Tier 2 / Admin Investigation
- Review Proofpoint Smart Search/message logs, quarantine reason, policy route, and allow/block list scope.
- Check SPF, DKIM, and DMARC alignment from message headers.
- Review impersonation protection and attachment/URL verdicts before weakening controls.
- Run Microsoft 365 message trace after Proofpoint release to confirm downstream delivery.
- Check admin audit history for recent policy or connector changes.
Advanced Remediation
Use policy exceptions sparingly and narrowly.
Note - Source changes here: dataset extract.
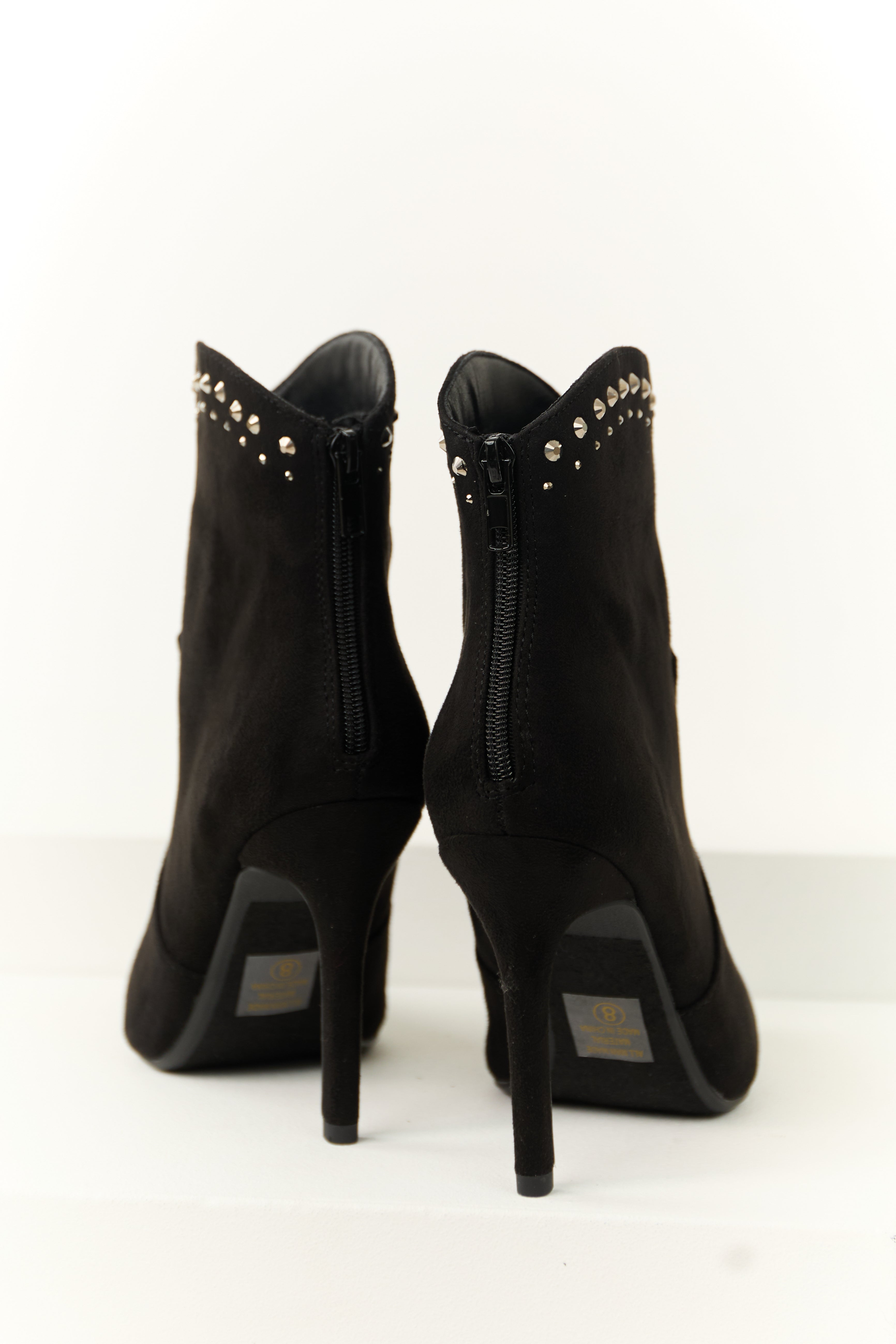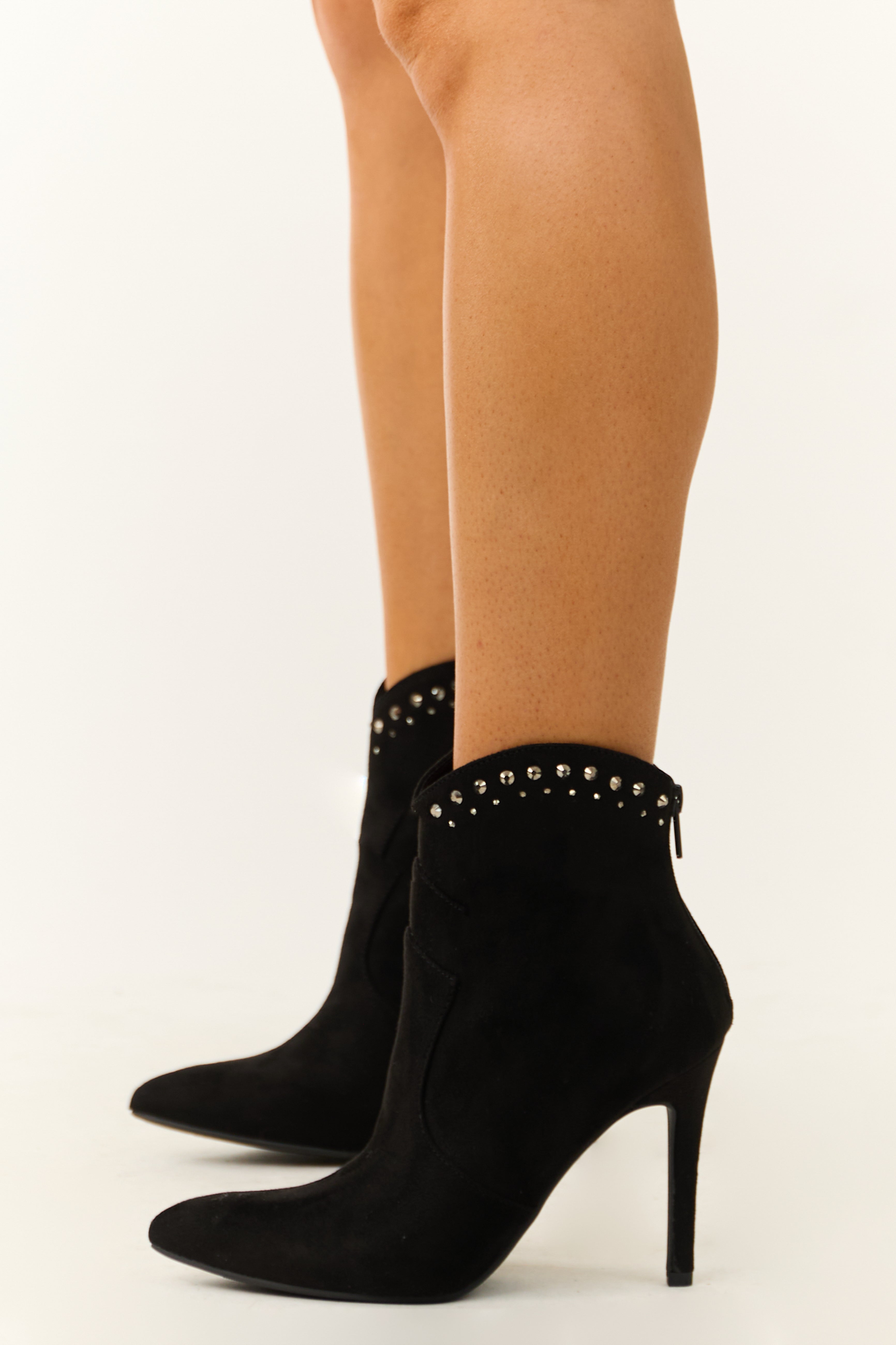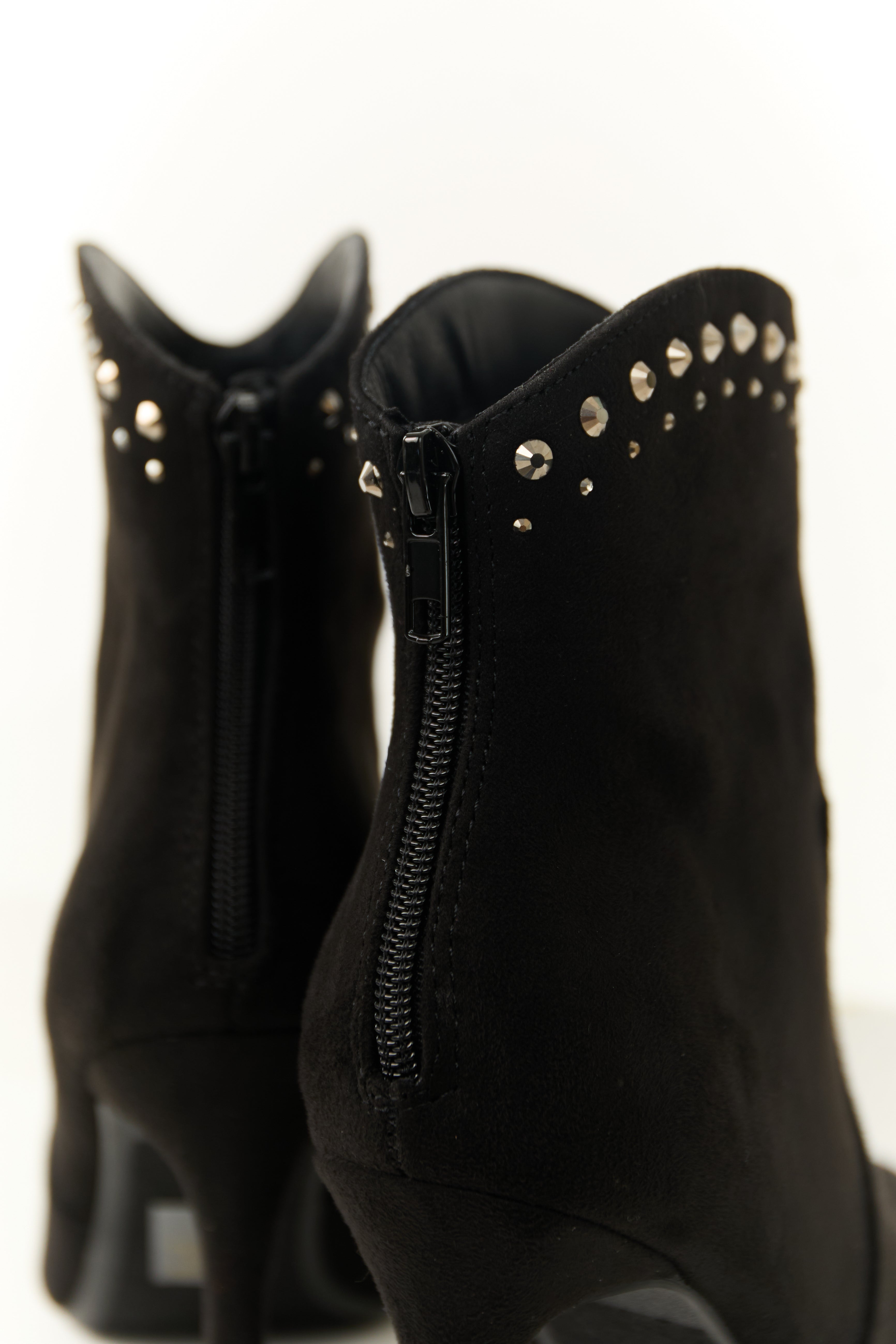 Black Rhinestone Detail High Heel Ankle Booties

Do not disable invoice, attachment, impersonation, or DMARC controls for a whole vendor domain unless security ownership approves and the vendor mail stream is verified.
Verification
- A new test invoice from the same vendor reaches the intended mailbox.
- Proofpoint logs show the intended allow/exception and no higher-priority hold.
- Microsoft 365 message trace shows delivered, not quarantined or redirected.
- User confirms the message is visible in Outlook/OWA.
Ticket Notes to Capture
- Sender, recipient, timestamp, subject, message ID, quarantine reason, policy hit, allow entry changed, header/authentication result, downstream trace, verification.
Escalate When
- The sender appears spoofed or authentication fails.
- A security policy must be weakened beyond one sender or recipient.
- Multiple clients or domains see the same false positive.
- Proofpoint release succeeds but downstream mail flow fails.
Prevention
Maintain a vendor sender register with expected envelope domains, authentication status, and approved exception scope. Review false positives weekly instead of building one-off broad bypasses.